#### What is being asked
With the pictures omitted, repeat exactly the lines below starting with the line that has "Powered by a" and going on through the line that has "A Naturehike Cloud".
═══ Input data
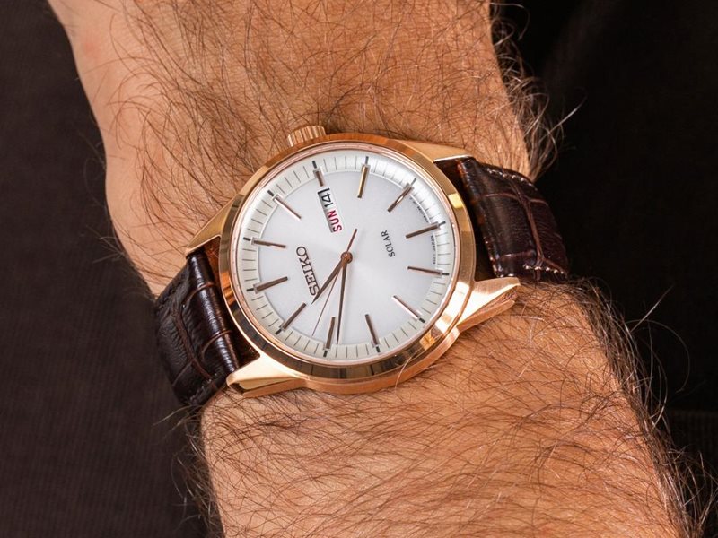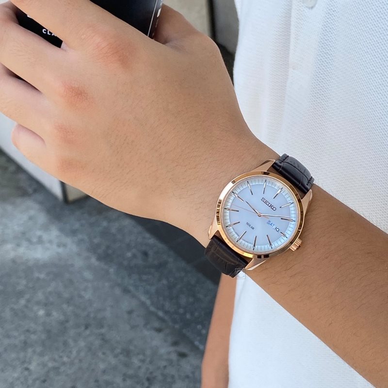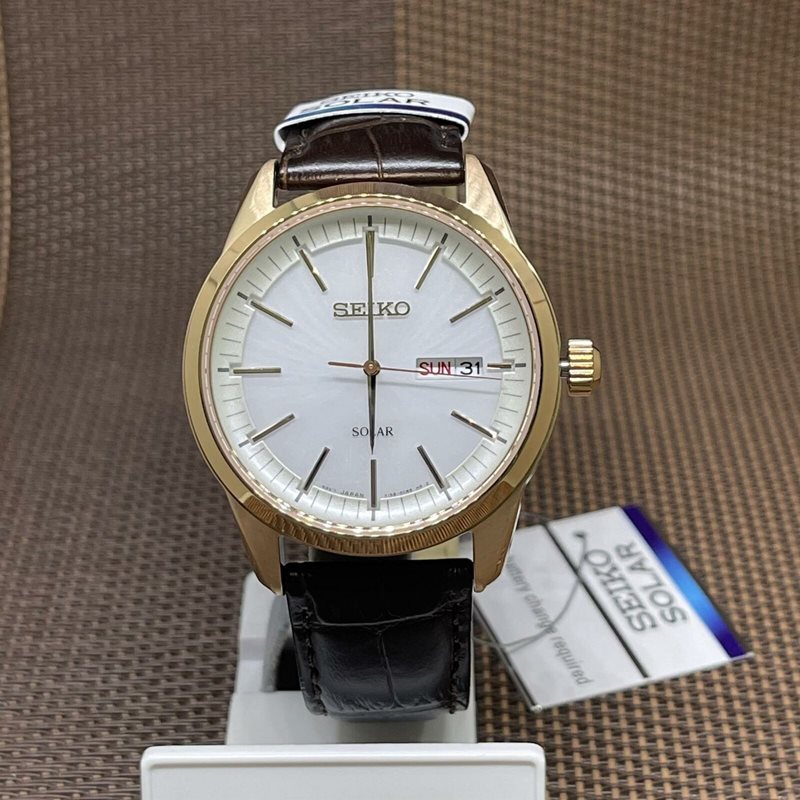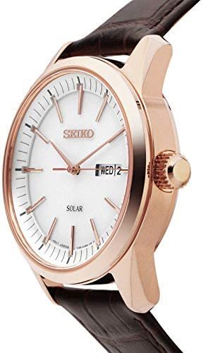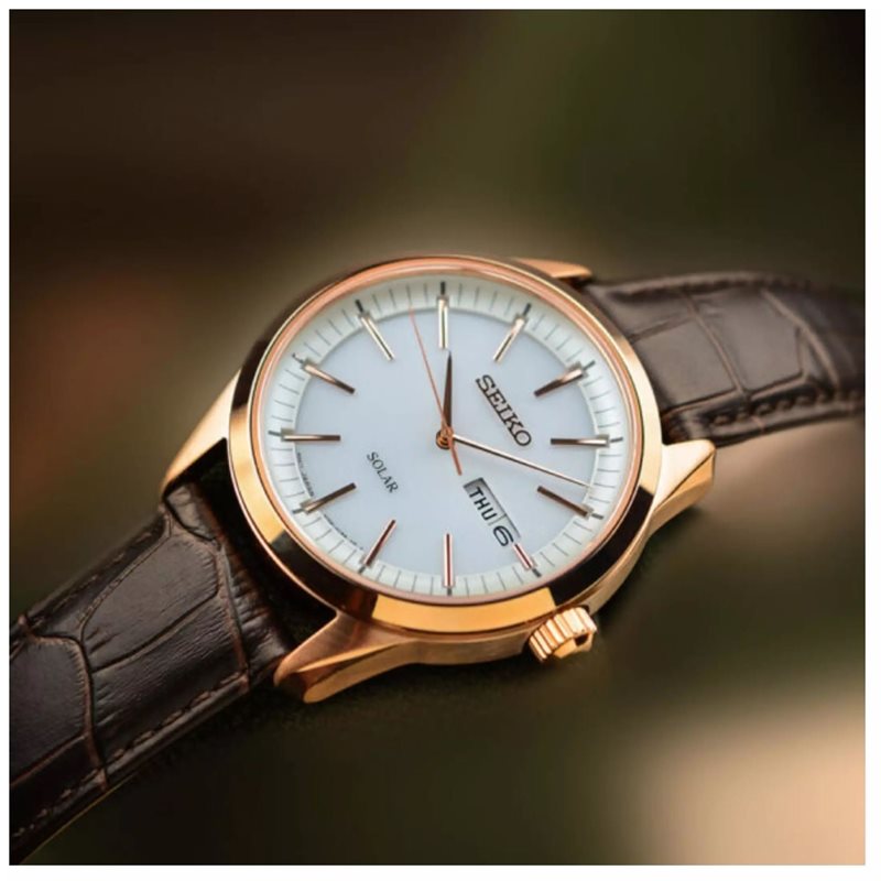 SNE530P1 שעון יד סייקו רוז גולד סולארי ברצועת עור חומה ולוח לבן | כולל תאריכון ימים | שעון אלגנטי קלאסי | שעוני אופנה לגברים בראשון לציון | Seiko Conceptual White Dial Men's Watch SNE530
══════
═══ Input data
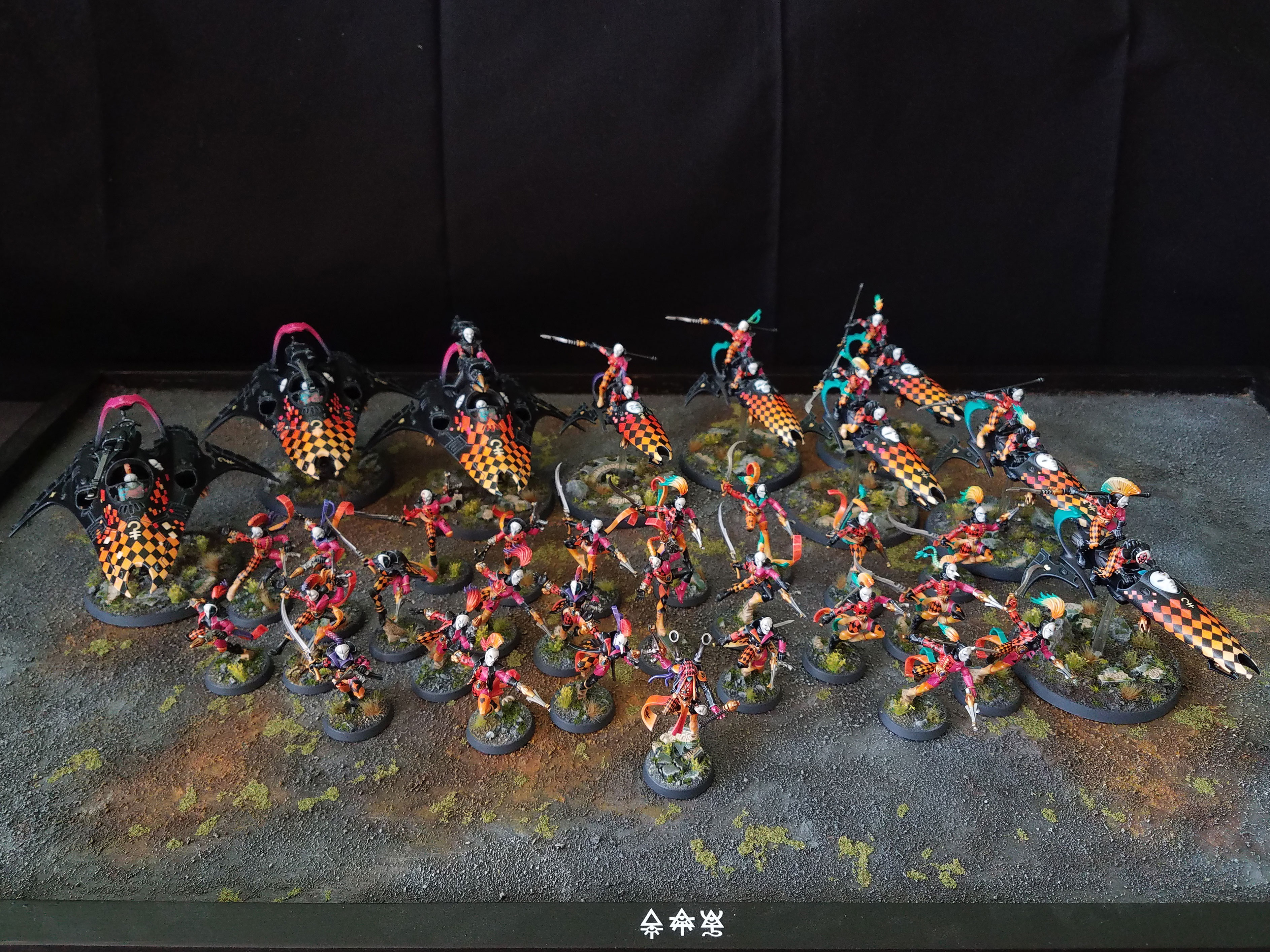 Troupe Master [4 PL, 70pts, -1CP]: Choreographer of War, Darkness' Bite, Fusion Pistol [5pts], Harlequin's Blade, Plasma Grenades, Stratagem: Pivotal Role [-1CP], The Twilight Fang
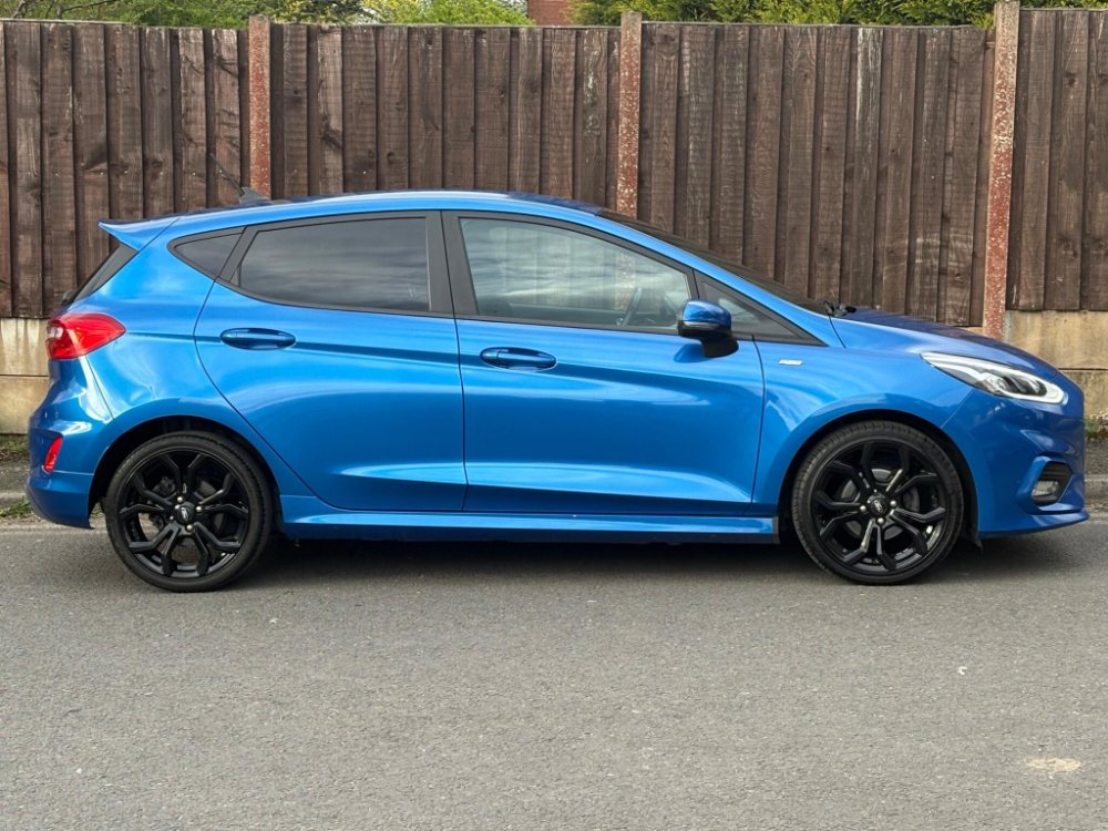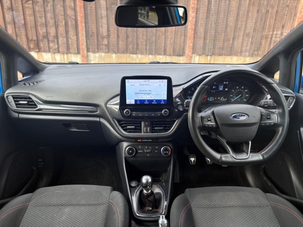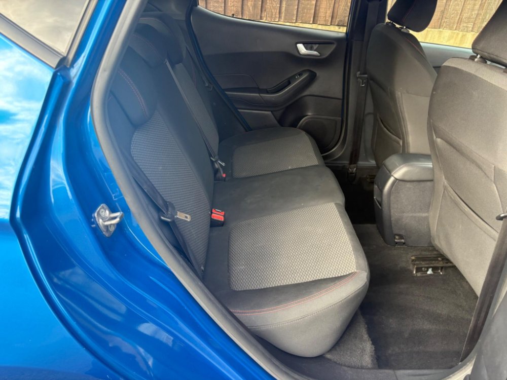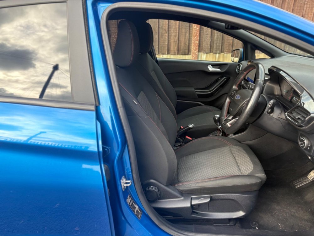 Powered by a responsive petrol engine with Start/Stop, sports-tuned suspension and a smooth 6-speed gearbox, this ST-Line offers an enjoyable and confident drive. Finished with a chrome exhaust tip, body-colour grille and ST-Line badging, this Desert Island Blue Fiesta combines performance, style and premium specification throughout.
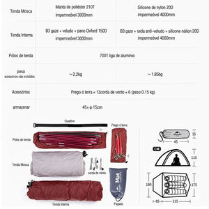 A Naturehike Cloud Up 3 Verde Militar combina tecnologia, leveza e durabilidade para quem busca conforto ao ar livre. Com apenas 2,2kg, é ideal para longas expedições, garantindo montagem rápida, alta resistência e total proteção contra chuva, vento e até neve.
══════
#### Result for this task
 Powered by a responsive petrol engine with Start/Stop, sports-tuned suspension and a smooth 6-speed gearbox, this ST-Line offers an enjoyable and confident drive. Finished with a chrome exhaust tip, body-colour grille and ST-Line badging, this Desert Island Blue Fiesta combines performance, style and premium specification throughout.
 A Naturehike Cloud Up 3 Verde Militar combina tecnologia, leveza e durabilidade para quem busca conforto ao ar livre. Com apenas 2,2kg, é ideal para longas expedições, garantindo montagem rápida, alta resistência e total proteção contra chuva, vento e até neve.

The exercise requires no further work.